*EXTRACTED RECORDS*
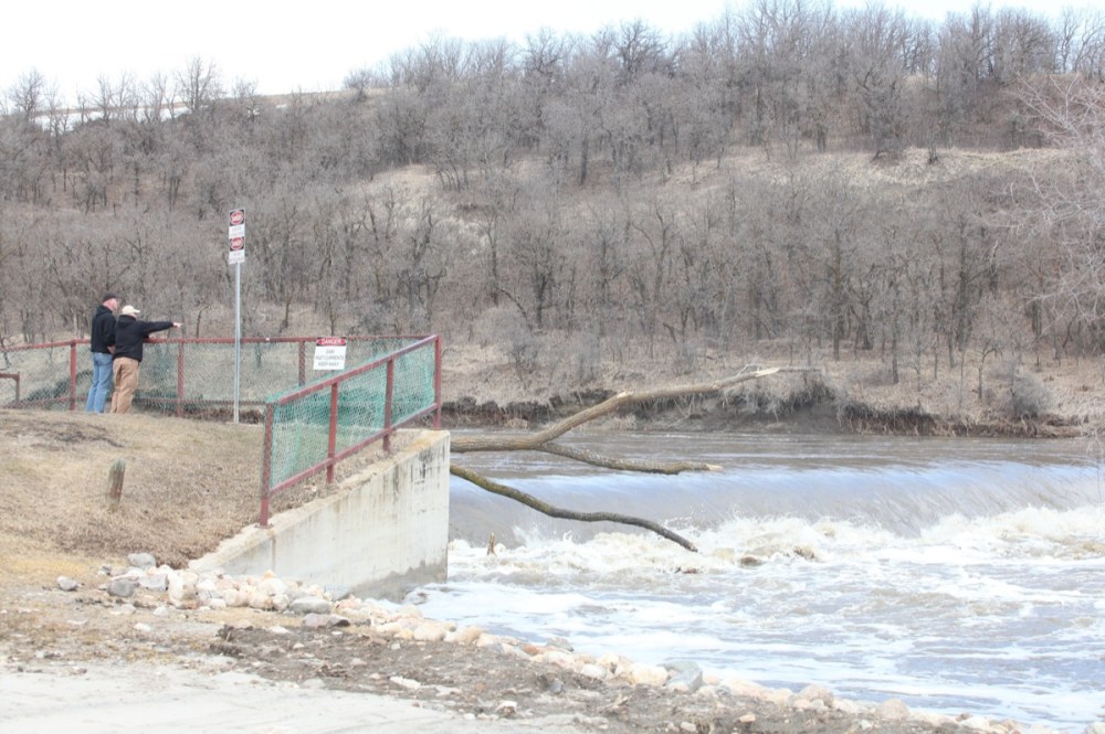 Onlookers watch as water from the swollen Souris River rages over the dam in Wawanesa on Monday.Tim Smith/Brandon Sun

...

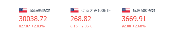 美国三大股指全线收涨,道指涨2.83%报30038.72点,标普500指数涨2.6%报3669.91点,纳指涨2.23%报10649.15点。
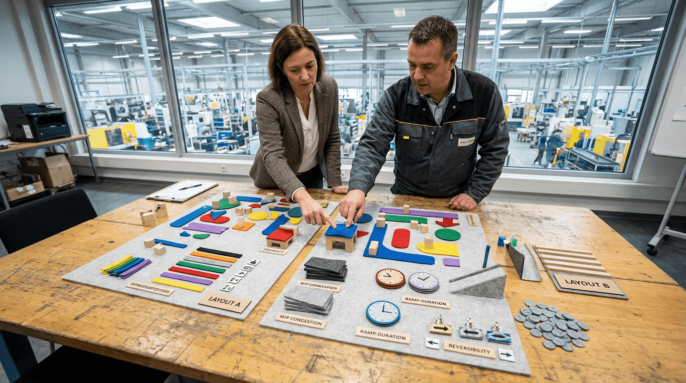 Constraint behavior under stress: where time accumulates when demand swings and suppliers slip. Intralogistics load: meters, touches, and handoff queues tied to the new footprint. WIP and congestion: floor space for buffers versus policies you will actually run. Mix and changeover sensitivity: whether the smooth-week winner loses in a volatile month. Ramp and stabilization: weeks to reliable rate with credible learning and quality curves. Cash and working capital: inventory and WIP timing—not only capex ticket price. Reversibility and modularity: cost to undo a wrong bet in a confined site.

*AIM OF THE TASK*
Look above for the line with "美国三大股指全线收涨,道指涨", then give again exactly every line from there through the line with "Constraint behavior under", skipping the pictures.

*EXERCISE RESULT*
 美国三大股指全线收涨,道指涨2.83%报30038.72点,标普500指数涨2.6%报3669.91点,纳指涨2.23%报10649.15点。
 Constraint behavior under stress: where time accumulates when demand swings and suppliers slip. Intralogistics load: meters, touches, and handoff queues tied to the new footprint. WIP and congestion: floor space for buffers versus policies you will actually run. Mix and changeover sensitivity: whether the smooth-week winner loses in a volatile month. Ramp and stabilization: weeks to reliable rate with credible learning and quality curves. Cash and working capital: inventory and WIP timing—not only capex ticket price. Reversibility and modularity: cost to undo a wrong bet in a confined site.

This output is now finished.